▸ **Exercise data**:

Segment Open

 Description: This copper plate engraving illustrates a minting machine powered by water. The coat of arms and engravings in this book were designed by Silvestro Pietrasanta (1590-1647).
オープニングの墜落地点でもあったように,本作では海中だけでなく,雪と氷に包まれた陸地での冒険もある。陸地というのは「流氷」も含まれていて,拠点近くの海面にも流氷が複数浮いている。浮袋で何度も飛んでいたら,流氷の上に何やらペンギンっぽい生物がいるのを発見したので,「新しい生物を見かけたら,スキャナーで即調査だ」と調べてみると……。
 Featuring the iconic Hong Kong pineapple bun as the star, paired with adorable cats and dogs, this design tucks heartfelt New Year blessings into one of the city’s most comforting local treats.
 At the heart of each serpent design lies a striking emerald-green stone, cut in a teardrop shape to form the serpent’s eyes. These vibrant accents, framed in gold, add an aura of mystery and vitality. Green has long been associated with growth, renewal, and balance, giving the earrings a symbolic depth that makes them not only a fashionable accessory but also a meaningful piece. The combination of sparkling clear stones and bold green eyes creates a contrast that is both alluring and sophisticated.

Segment Closed
Segment Open

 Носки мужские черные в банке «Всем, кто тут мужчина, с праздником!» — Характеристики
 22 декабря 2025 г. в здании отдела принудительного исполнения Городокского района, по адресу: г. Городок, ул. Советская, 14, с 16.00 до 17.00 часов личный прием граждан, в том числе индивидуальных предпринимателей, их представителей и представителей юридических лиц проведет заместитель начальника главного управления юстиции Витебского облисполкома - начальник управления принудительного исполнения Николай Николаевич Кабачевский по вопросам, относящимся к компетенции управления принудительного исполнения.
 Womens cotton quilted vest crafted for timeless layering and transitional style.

Segment Closed
Segment Open

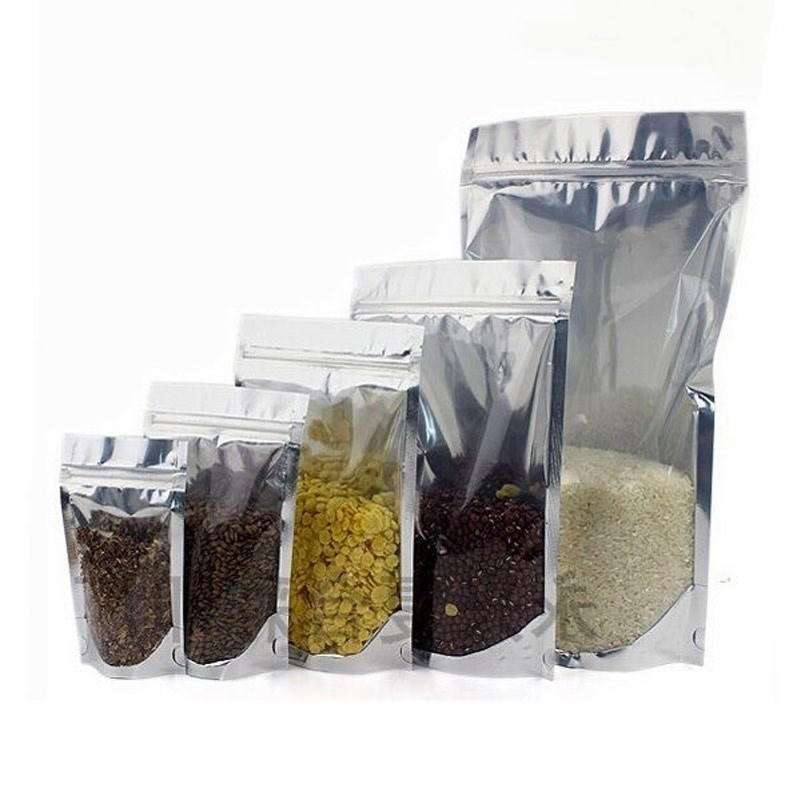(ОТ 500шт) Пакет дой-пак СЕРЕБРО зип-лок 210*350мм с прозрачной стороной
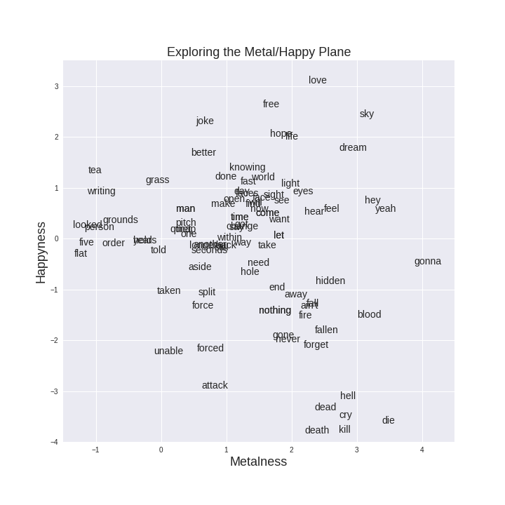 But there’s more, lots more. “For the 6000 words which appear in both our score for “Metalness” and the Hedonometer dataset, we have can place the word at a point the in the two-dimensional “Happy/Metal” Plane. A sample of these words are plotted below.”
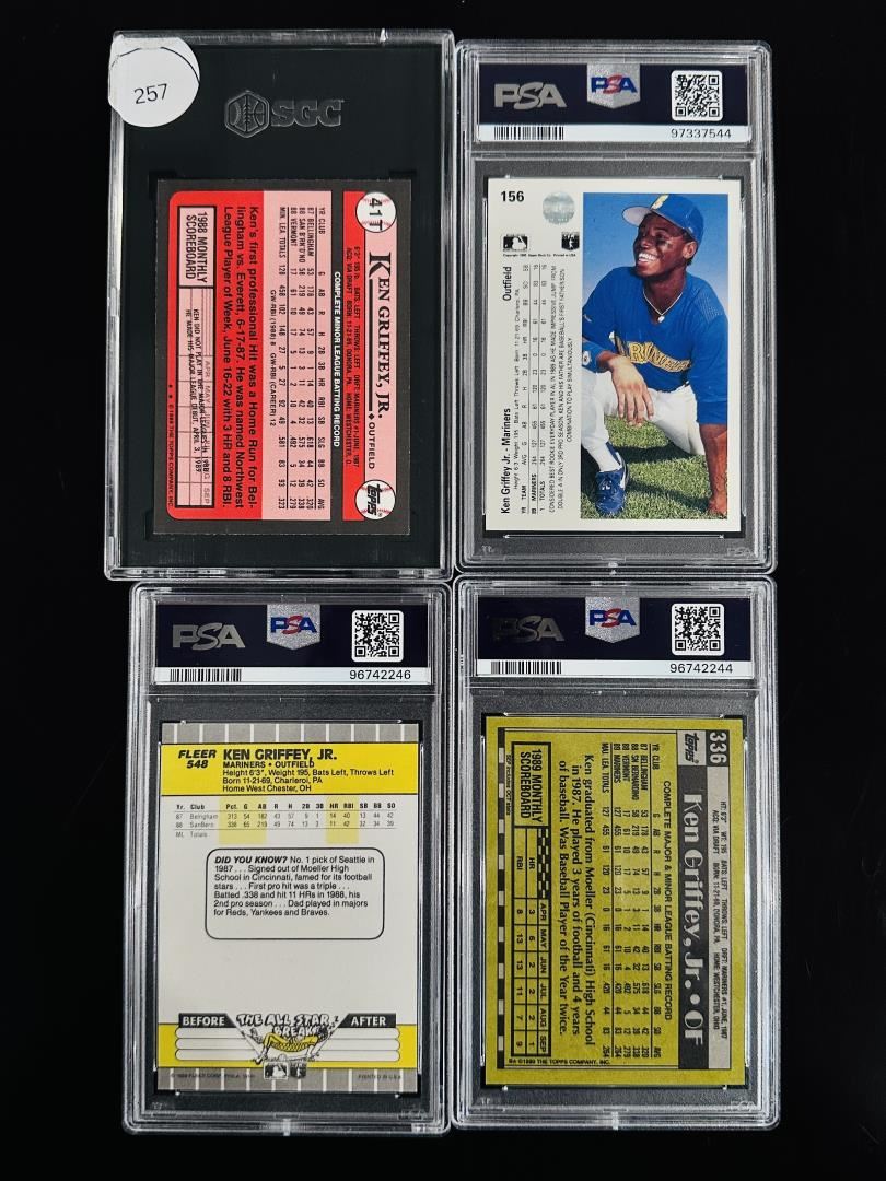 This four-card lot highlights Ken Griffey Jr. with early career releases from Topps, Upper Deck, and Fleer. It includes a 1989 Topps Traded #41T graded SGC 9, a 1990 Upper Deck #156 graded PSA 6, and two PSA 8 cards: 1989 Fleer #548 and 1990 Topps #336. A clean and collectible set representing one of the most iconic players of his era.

Segment Closed

▸ **What you have to do**:
Out of the listing above, reproduce exactly the lines from the one with "Description: This copper" up to and including the one with "Featuring the iconic".

▸ **Task solution**:
 Description: This copper plate engraving illustrates a minting machine powered by water. The coat of arms and engravings in this book were designed by Silvestro Pietrasanta (1590-1647).
オープニングの墜落地点でもあったように,本作では海中だけでなく,雪と氷に包まれた陸地での冒険もある。陸地というのは「流氷」も含まれていて,拠点近くの海面にも流氷が複数浮いている。浮袋で何度も飛んでいたら,流氷の上に何やらペンギンっぽい生物がいるのを発見したので,「新しい生物を見かけたら,スキャナーで即調査だ」と調べてみると……。
 Featuring the iconic Hong Kong pineapple bun as the star, paired with adorable cats and dogs, this design tucks heartfelt New Year blessings into one of the city’s most comforting local treats.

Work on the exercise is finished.